Community Resources for Justice
- Formation: 1878; 148 years ago
- Website: https://www.crj.org/

= Community Resources for Justice =

American nonprofit organization

Community Resources for Justice is a Massachusetts-based organization that has worked for over 130 years in social justice in issues like ex-offender re-entry, prison conditions, public safety, and crime prevention. CRJ was formed through the merger of several older organizations in the Boston and New England area, and while most of its work today is focused in the northeastern United States, CRJ is also engaged in work in other states around the nation.

== History ==

Community Resources for Justice (CRJ) represents the long evolution of criminal justice organizations in Massachusetts. The oldest organization in CRJ's history, the New England Society for the Suppression of Vice (NESSV), began in 1878 and worked to create legislation that influence public morality and dissuade crime. The NESSV went through a number of name changes as it took on more goals: in 1891 it was renamed the New England Watch and Ward Society following its new focus on organized crime in the Boston area. In 1957, that became the New England Citizens Crime Commission, focusing further on specific organized crimes groups.
In 1967 the NECCC turned back to crime prevention under the name Massachusetts Council on Crime and Correction.

Shortly after the NESSV began, a parallel organization, the Massachusetts Prison Association, was founded in 1889. It focused on providing temporary amenities for recently released criminals. In 1937, it broadened scope to provide emergency services to the previously incarcerated. The Massachusetts Prison Association continued to merge with other corrections societies such as the John Howard Society and the Friends of Prisoners in 1940.

Following a loss of funding in 1975, these two larger organizations, the Massachusetts Council on Crime and Correction and the Massachusetts Correctional Association, merged to become the Crime and Justice Foundation. The group’s current name, Community Resources for Justice (CRJ), was created in 1999 after merging with MHHI.

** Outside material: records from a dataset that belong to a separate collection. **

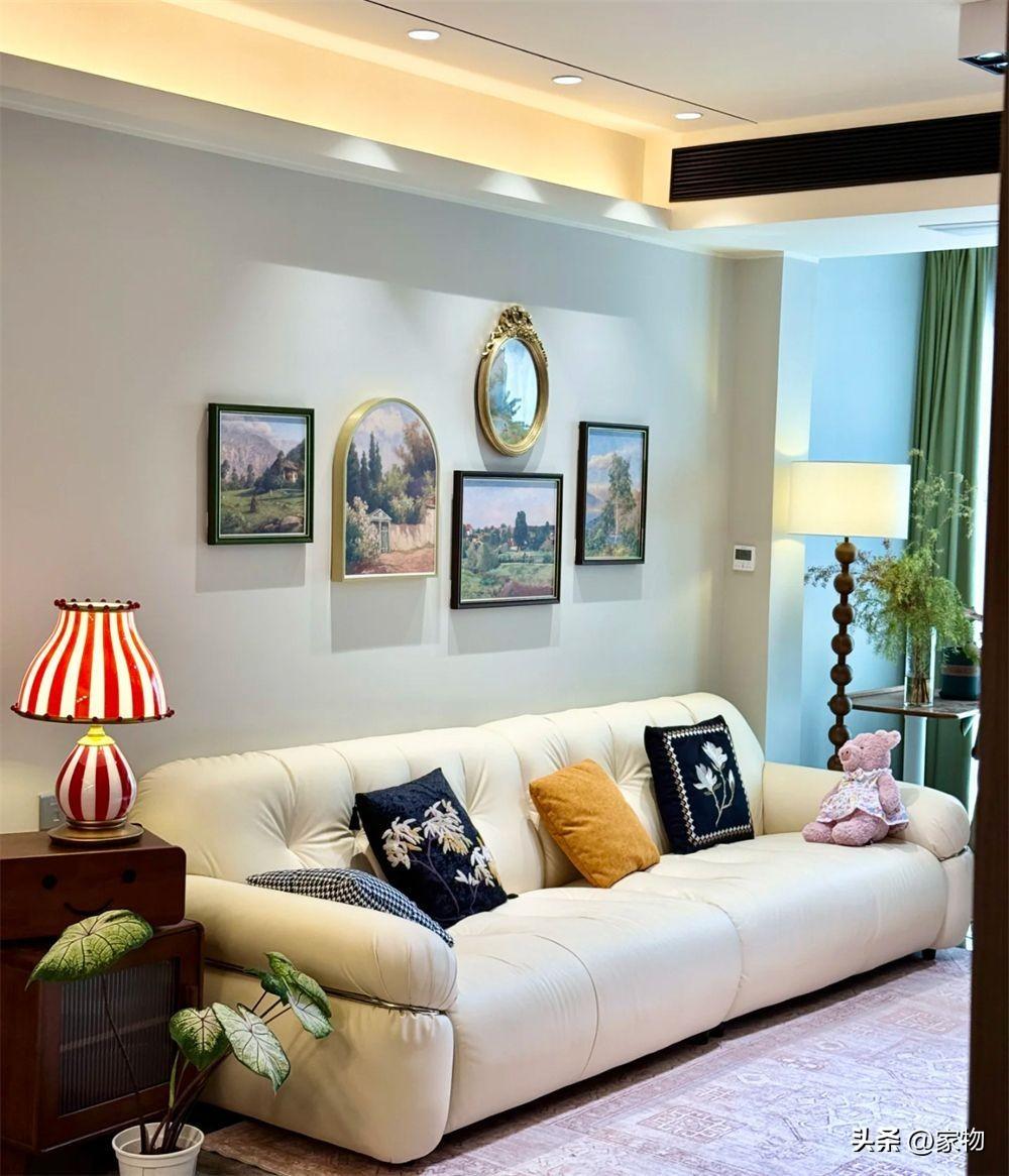 家裏的沙發區域很簡單,但卻有種古典的風格——淺色調的四人位沙發靠牆擺放,後面用一幅幅小框畫進行裝飾,讓平平無奇的沙發背景牆增添了幾分有趣的元素。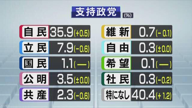 【NHK世論調査】政党支持率 モリカケ&長期サボり効果で野党の支持率が軒並み下落 自民は上昇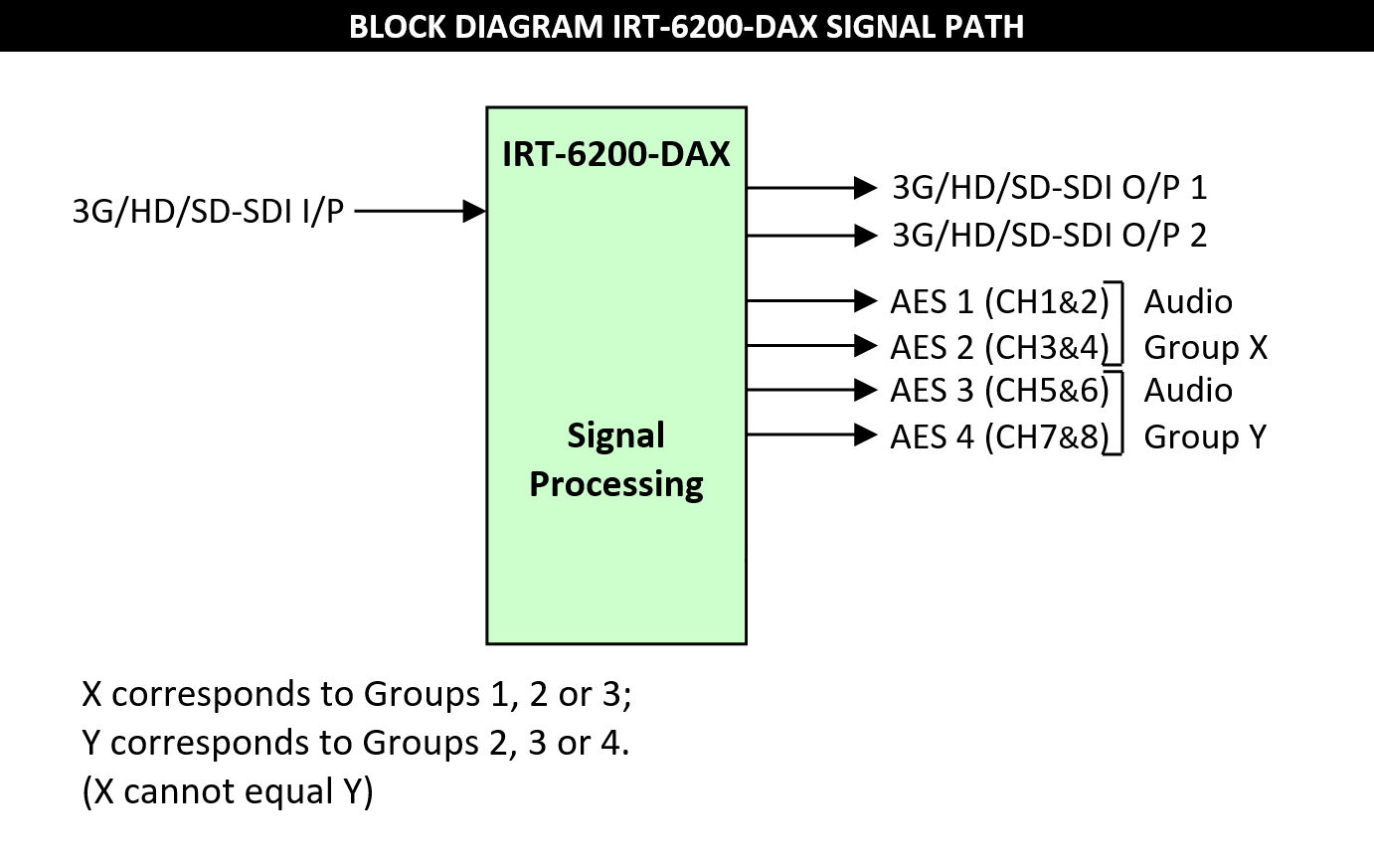 The IRT-6200-DAX is a high performance embedded audio extractor for either 2.97 Gb/s 3G‑SDI, 1.485 Gb/s HD-SDI or 270 Mb/s SD-SDI video signals.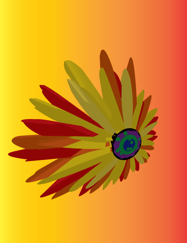 What I did for this project was chose a symbol, the symbol was a flower. I used an editing tool to turn the symbol into a 3d image, soon after that I used a coloring tool. After the using the coloring tool i used a feature that turned the background yellow and orange.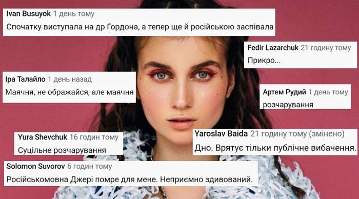 «Зачекайте, зачекайте! Я щось не зовсім зрозуміла. Хто ті всі, кого перелічено у пісні? Кого популяризує українська співачка? Чому українцям має бути цікавий російський шоубізнес? Альо, Джері, ну що за сидіння на двох стільцях? Ми бляха популяризуємо український контент, намагаємося очистити інфопростір. Наших солдат вбиває не просто “та сторона”; рос. зірки підтримують російську агресію, а ти їм реверанси робиш. Сумне видовище», – відзначили у коментарях.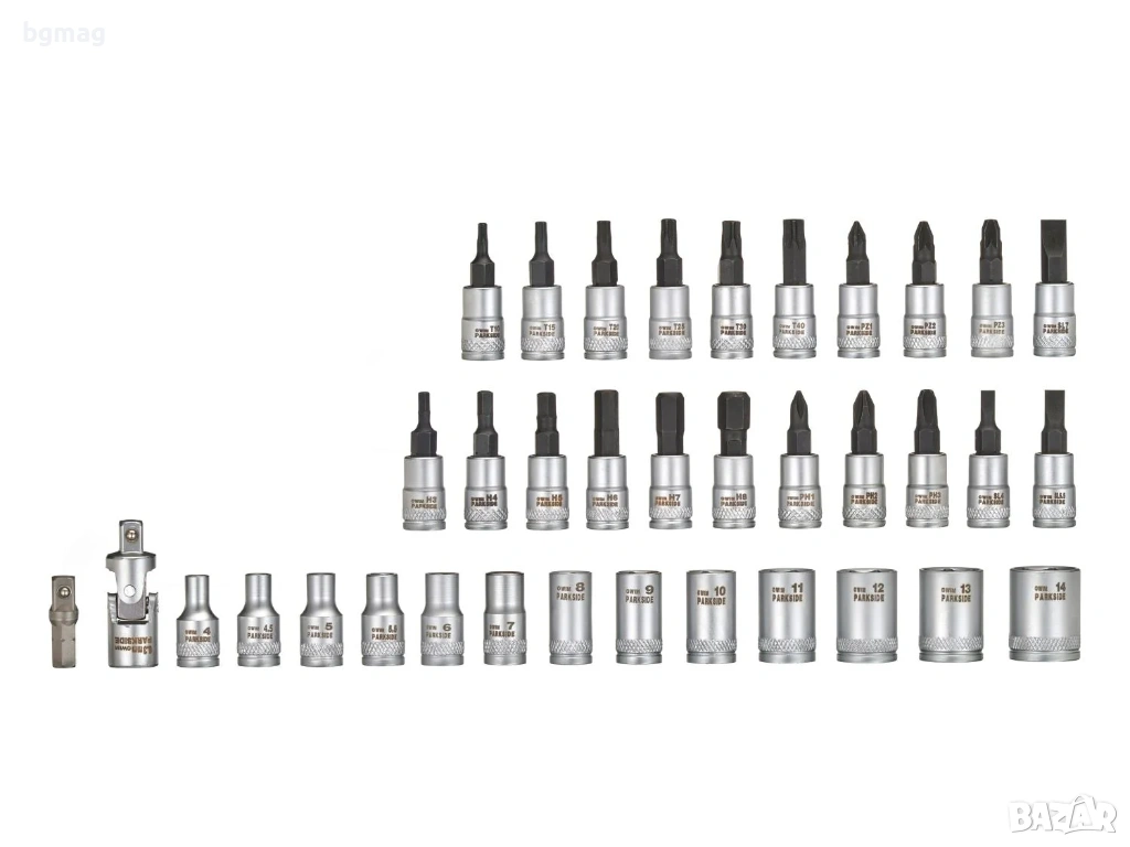 Съдържание: 13 x 6,3 мм (1/4") вложки за глухи ключове: 4 / 4,5 / 5 / 5,5 / 6 / 7 / 8 / 9 / 10 / 11 / 12 / 13 / 14 мм,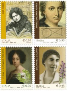 In attesa di azioni più incisive ben venga, dunque, l’encomio statale attraverso l’emissione l’8 marzo 2018 da parte del Ministero dello Sviluppo di 4 francobolli ordinari, del valore di 0,95 euro, appartenenti alla serie Le Eccellenze italiane del Sapere e dedicati ad Ada Negri, Maria Gaetana Agnesi, Elena Lucrezia Cornaro Piscopia, Eva Mameli Calvino.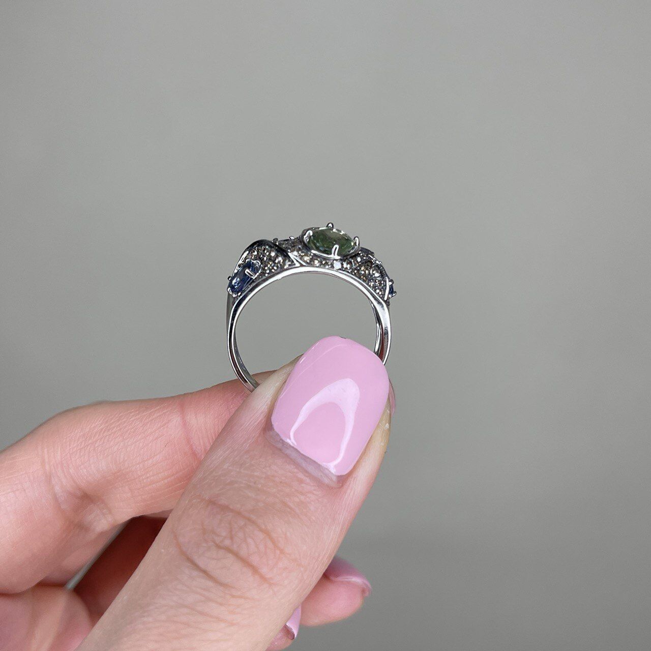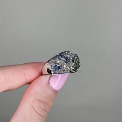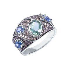 Золотое кольцо 585 пробы, камни - бриллиант коричневый огранка круглая 57 граней 7/5 - 36шт. вес 0.50 карата, бриллиант коричневый огранка круглая 17 граней 4/3 - 50шт. вес 0.25 карата, сапфир зеленый - 1шт. вес 0.96 карата, сапфир голубой - 3шт. вес 0.85 карата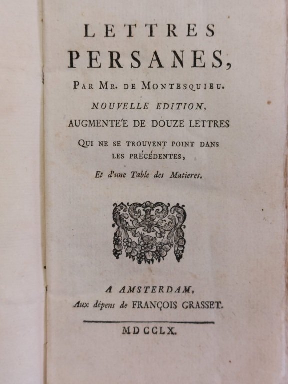 Lettres persanes. Nouvelle édition augmentée de douze lettres qui ne se trouvent point dans les précédentes et d'une table des matières.
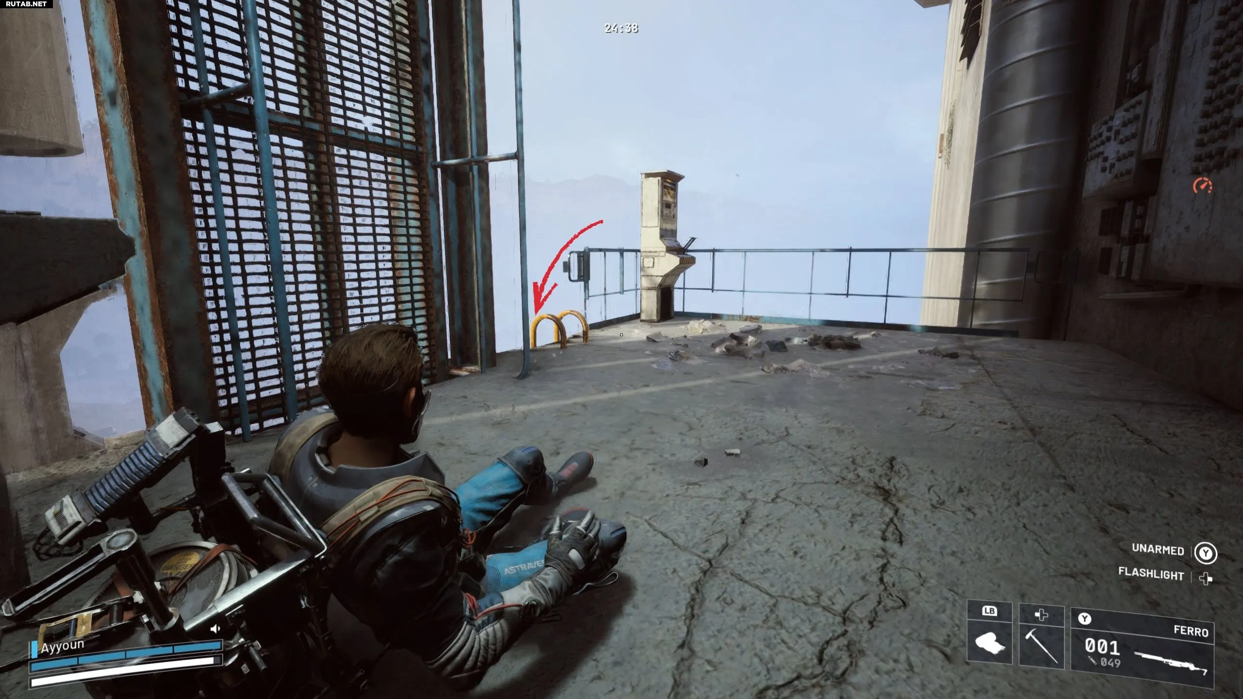 Уберите оружие в кобуру и разбегитесь по наклонной поверхности водосброса. Как только она начнет изгибаться вниз, вы автоматически начнете скольжение. Этого достаточно, чтобы проехать от вершины до основания.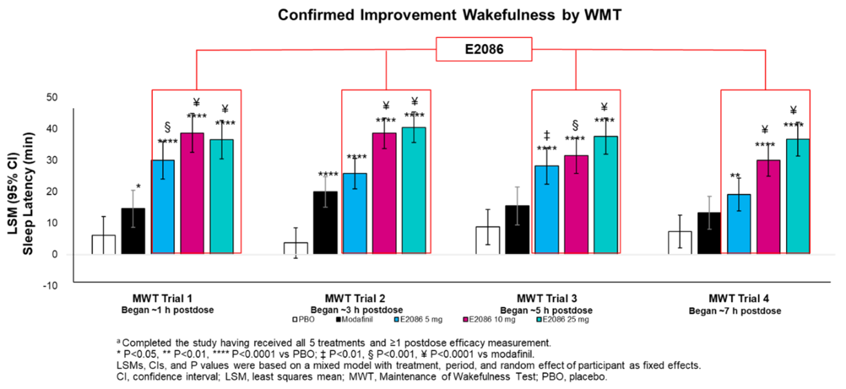 For the KSS, all doses of E2086 showed statistically significant higher alertness compared with placebo (P<0.0001), while E2086 10 mg and 25 mg demonstrated statistically significantly higher alertness compared with modafinil (P<0.0001). These outcomes confirmed the Proof of Mechanism for E2086.

Today, the organization provides services to ex–offenders to re-integrate them into society, and reforming the criminal justice system through public policy development while simultaneously pushing for legislation aiding adults with intellectual disabilities and troubled youth.

==Activities==
Community Resources for Justice provides services to ex–offenders to re–integrate them into society while also working to reform the criminal justice system through public policy development. CRJ also provides services to adults with intellectual disabilities. CRJ operates group homes, halfway houses, and youth residential facilities in three states.

CRJ's policy work is partially accomplished through its research arm, The Crime and Justice Institute. The Institute collaborates with both regional and national organizations to conduct research and write policy briefs to further inform both scholarly research and public policy.

==Recent work==
In 2001, CRJ released a study that showed that corrections overhauls from the late 1980s stripped the focus on rehabilitation from prison life, leaving prisoners unfit to be released. The study states that 62 percent of former state prison inmates will be rearrested within three years of release. Reporting on the study highlighted the increasing likelihood of recidivism, due to the decline in reintegration programs, and discussed law enforcement's challenge in not just putting criminals in prison, but finding methods to help them stop reoffending.

CRJ, along with The Boston Foundation, conducted research with employers, advocates, criminal records officials, landlords, and legislators to give "a first look at the real-world effects of changes to the Criminal Offender Record Information system, widely known by the acronym CORI, which had been lauded by activists as a game-changer for people with criminal records looking to reintegrate into society." CRJ's work helped put the “Ban the Box” provision into place, which prevents employers from asking about criminal records on initial job applications, but their subsequent study showed that while this has allowed more former convicts to get job interviews, it has seldom translated into jobs.